The problem
In the entries below, find the line with "Blick över vallgraven" and the line with "this document. ➔". Print those two and everything between them exactly, and nothing else.

Data shown
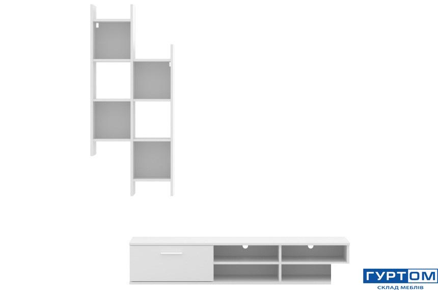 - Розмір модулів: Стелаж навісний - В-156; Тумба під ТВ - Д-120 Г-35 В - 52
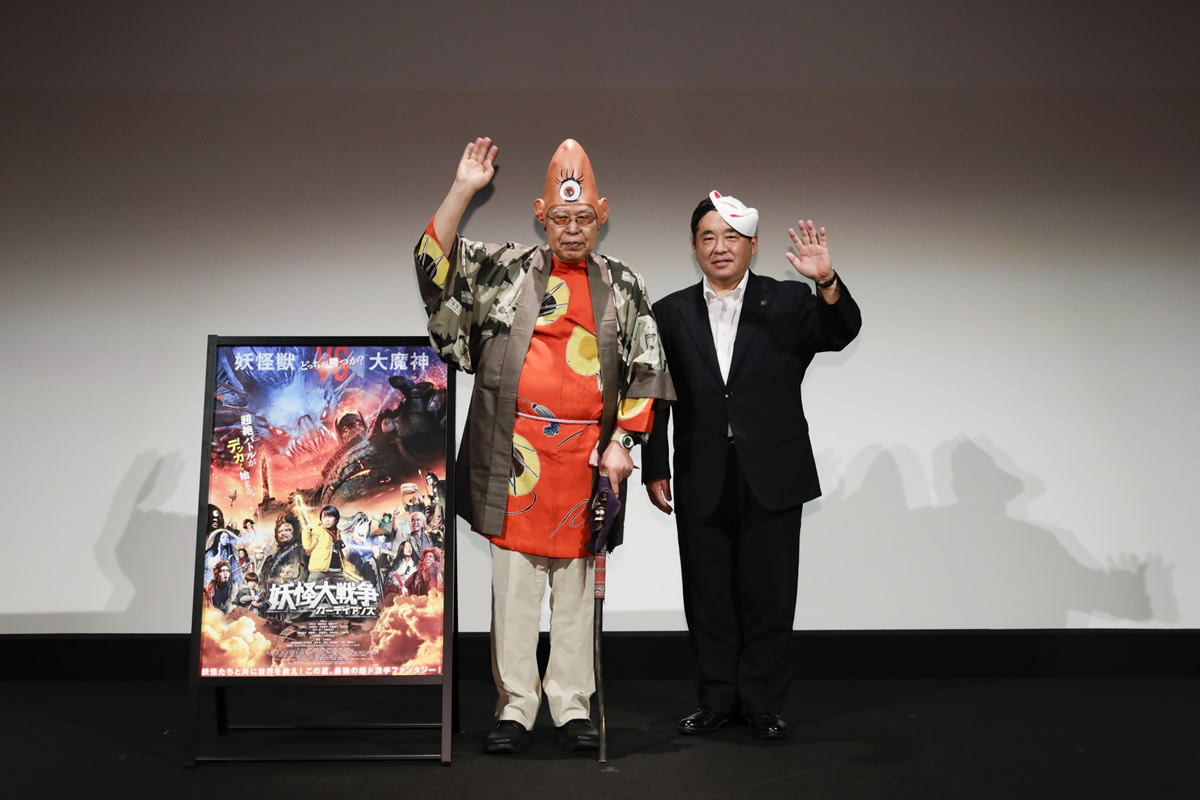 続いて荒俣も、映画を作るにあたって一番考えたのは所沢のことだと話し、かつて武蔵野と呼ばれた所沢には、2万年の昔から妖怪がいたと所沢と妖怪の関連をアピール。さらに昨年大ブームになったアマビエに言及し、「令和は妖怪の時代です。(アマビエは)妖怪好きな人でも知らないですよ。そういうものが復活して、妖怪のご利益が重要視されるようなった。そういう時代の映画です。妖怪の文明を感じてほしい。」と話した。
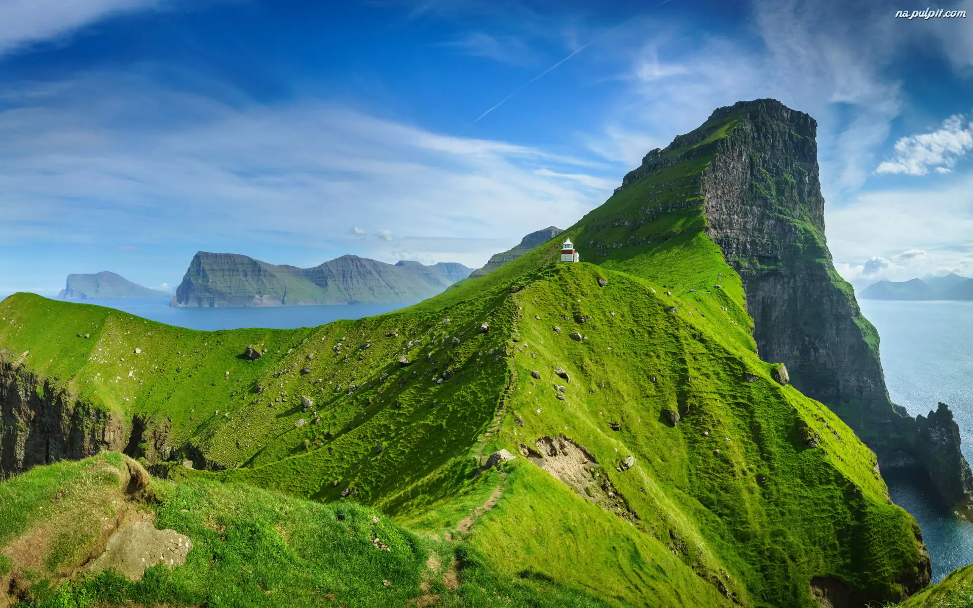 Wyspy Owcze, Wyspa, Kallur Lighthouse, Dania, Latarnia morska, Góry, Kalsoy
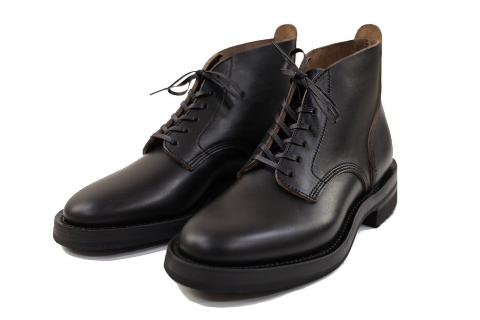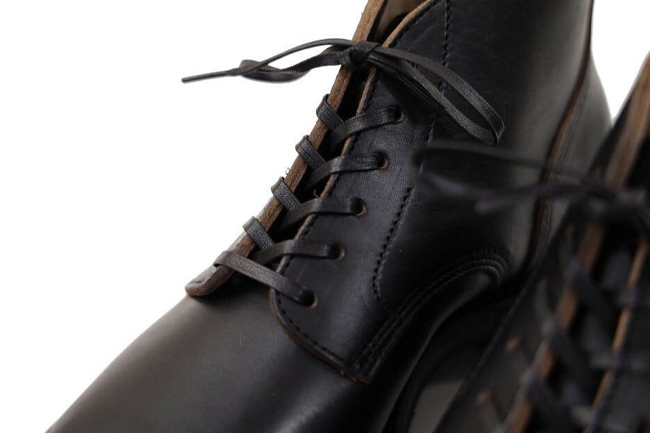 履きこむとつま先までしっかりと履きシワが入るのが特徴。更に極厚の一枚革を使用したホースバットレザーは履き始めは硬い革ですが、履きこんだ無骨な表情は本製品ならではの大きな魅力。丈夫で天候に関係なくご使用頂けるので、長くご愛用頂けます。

---

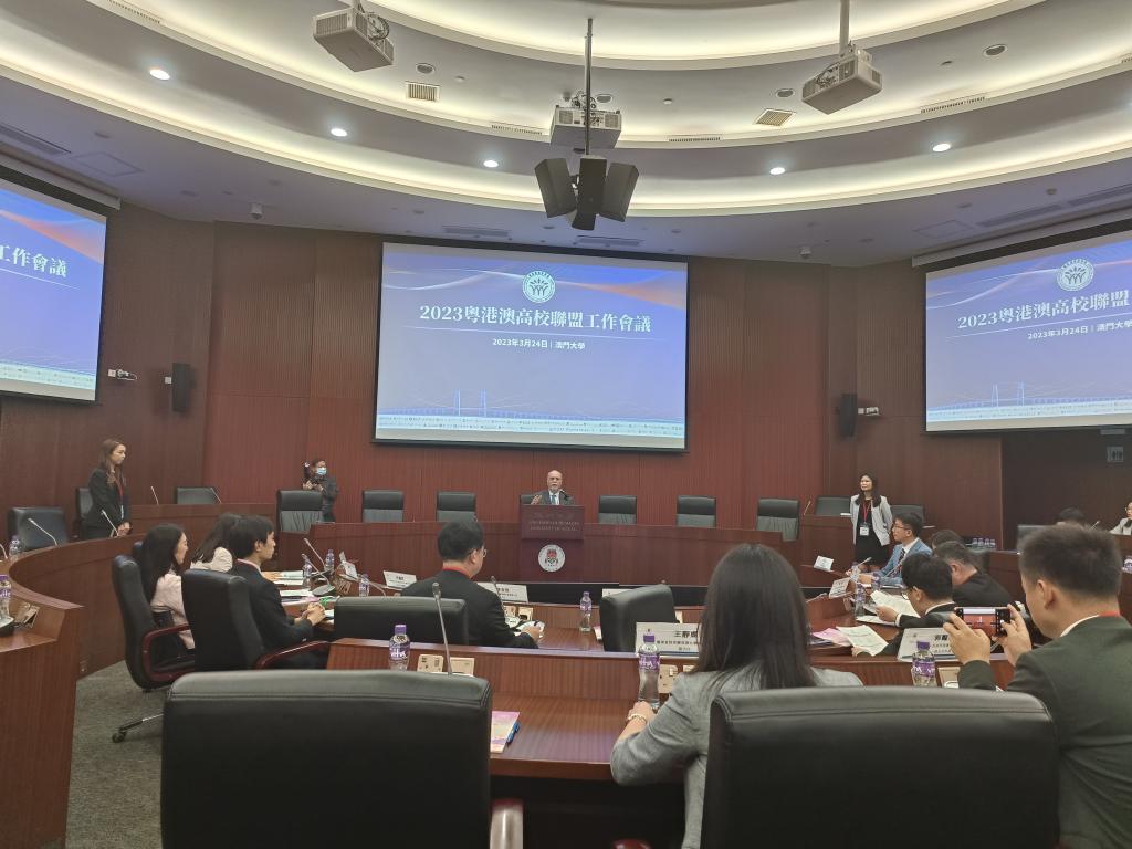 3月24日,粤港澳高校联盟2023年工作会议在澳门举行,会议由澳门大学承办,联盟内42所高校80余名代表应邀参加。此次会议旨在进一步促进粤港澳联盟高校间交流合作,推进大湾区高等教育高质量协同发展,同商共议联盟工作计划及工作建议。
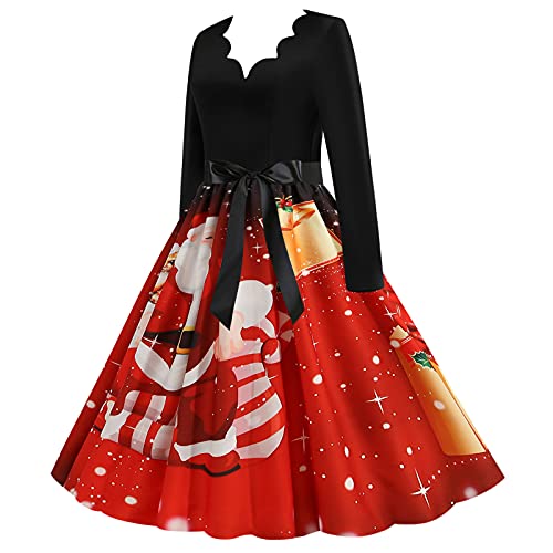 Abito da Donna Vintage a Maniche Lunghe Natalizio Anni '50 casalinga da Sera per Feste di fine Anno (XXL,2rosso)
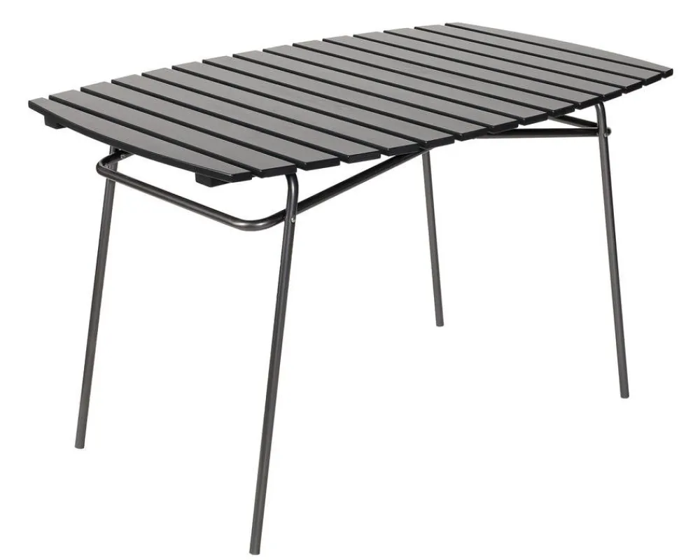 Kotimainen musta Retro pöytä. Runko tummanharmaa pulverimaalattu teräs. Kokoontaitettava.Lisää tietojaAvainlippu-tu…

==

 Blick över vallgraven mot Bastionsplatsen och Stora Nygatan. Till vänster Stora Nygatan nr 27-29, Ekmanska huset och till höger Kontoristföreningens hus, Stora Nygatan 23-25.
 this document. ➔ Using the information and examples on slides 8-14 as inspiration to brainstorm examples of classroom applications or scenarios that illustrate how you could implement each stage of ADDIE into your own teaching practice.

Response below
 Blick över vallgraven mot Bastionsplatsen och Stora Nygatan. Till vänster Stora Nygatan nr 27-29, Ekmanska huset och till höger Kontoristföreningens hus, Stora Nygatan 23-25.
 this document. ➔ Using the information and examples on slides 8-14 as inspiration to brainstorm examples of classroom applications or scenarios that illustrate how you could implement each stage of ADDIE into your own teaching practice.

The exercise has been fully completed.